The judging was to take half of Thursday and most of today before the public is allowed to see the entries after 6 p.m. today. Then people can vote for their favorite mount, which will win the people's choice award. There's no charge for admission.

"It's a very impressive competition room," Edwards said. "It's one of the better quality displays, and there is a lot of assortment of pieces to judge that are really impressive."

John Janelli, assistant manager of the show and a taxidermy historian, said the industry has made more technical advances in the past 25 years than in all of the previous two centuries.

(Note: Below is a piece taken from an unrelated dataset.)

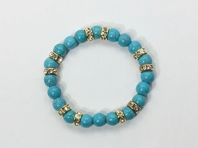 こちらは、8mm玉のターコイズを使ったパワーストーンブレスレットです。シンプルなデザインでどんなコーディネートにも合わせやすいデザインに仕上げています。サイズは内周約14cmです。気になる方は是非この機会にどうぞ。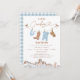 Línea de ropa azul occidental Little Cowboy Baby Shower Invitation Cowboy Cowboy con temas como la ropa de bebé, le invitan a una ducha de bebé con algo de ropa de bebé, botas de vaquero, gorra de vaquero y bufanda. Esta pequeña invitación a la ducha de bebé de vaquero también tiene una imagen occidental del desierto en azul y marrón y una caligrafía moderna que se dirige con un corazón.

Those advances have come in the form of materials used for forms and preservatives, and they have allowed taxidermists to do more creative and unusual work.

"Taxidermy has taken a complete 360-degree turn from where it came from in the 1800s," Janelli said, "and we're still changing."

The mentality behind what gets mounted has also changed over the years. Crain said it used to be the biggest and best that were preserved through taxidermy.

"Now, the specimen means something to someone," he said. "That's why we're seeing more natural habitats."

The "biggee" award will be for the best of show, which is voted on by all of the judges.

"That's the most prestigious award these guys and gals could win," Edwards said.

To take such an honor at this level of competition, Crain said, the winning mount will have to tell a story.

And it doesn't have to be the big, impressive full-size polar bear.

"One of the littlest mounts in here might be the best overall piece," Edwards said. "Quality overrides size."

"Typically what happens is you see a specimen that doesn't just jump out at you and you really overlook it," Crain said. "But when you pick up a score sheet and examine it, it starts looking better and better."

Edwards said many of the mounts created for the show involve hundreds of hours of taxidermy work, way beyond what they could sell the pieces for.

"It's done more for the prestige and self-satisfaction and competition," Edwards said.

As a taxidermist himself, Edwards said his goal every time he sits down is to bring the animal back to life.

"I want it to look real enough to bring back memories of the hunt," he said.

Contact Brett French at [email protected] or 657-1387.


----------



## bigpaws (Aug 1, 2006)

Bob,
Thanks for the good posting! I'm always looking for a reputable taxidermist!


----------